楚鸢没有回应。她享受着对方的主动,沉浸在沐浴露的香味和细腻的亲吻中。于是何之远自顾自说了下去:“我梦到您离开我了。”

依然没有回应,并不是每句患得患失的发言都能得到楚鸢的回答,这无疑加大了何之远的不安。她停下来望着楚鸢,无声地乞求她能为这无端的梦境说几句安慰的话。

“唉……”楚鸢到底还是回答了,“我怎么会离开你。

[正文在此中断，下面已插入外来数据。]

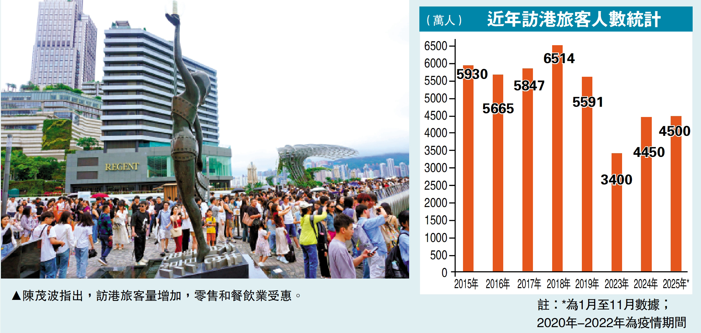 訪港旅客量增加,也支持了零售和餐飲市道。他指,即將來臨的聖誕和新年假期,形形色色的活動,以及業界的不同優惠推廣,盼能為市民創造更多與親友共聚、相互祝福的好時光,並吸引更多旅客到來,為消費市道,以至整體經濟注入更大的動力。

”

何之远能感受到,最近楚鸢越来越容易向她妥协。可她依然感到害怕,仿佛是地震来临前就预感到危险的小动物。这些天她流过太多的泪,何之远虔诚着吻着楚鸢,从嘴唇、脖颈一直到胸口、小腹,滚烫的泪水也随之滴在身下的躯体上。她听到了楚鸢带着鼻音的喘息,这是对她的催促。

最终她跪坐在楚鸢两腿之间,顺着大腿内侧啄吻,温热的呼吸扑在开始变得湿润的私密处。

肩颈处传来压力,楚鸢不自觉地曲起腿,她抚上何之远的脑袋:“舔一舔,好孩子。”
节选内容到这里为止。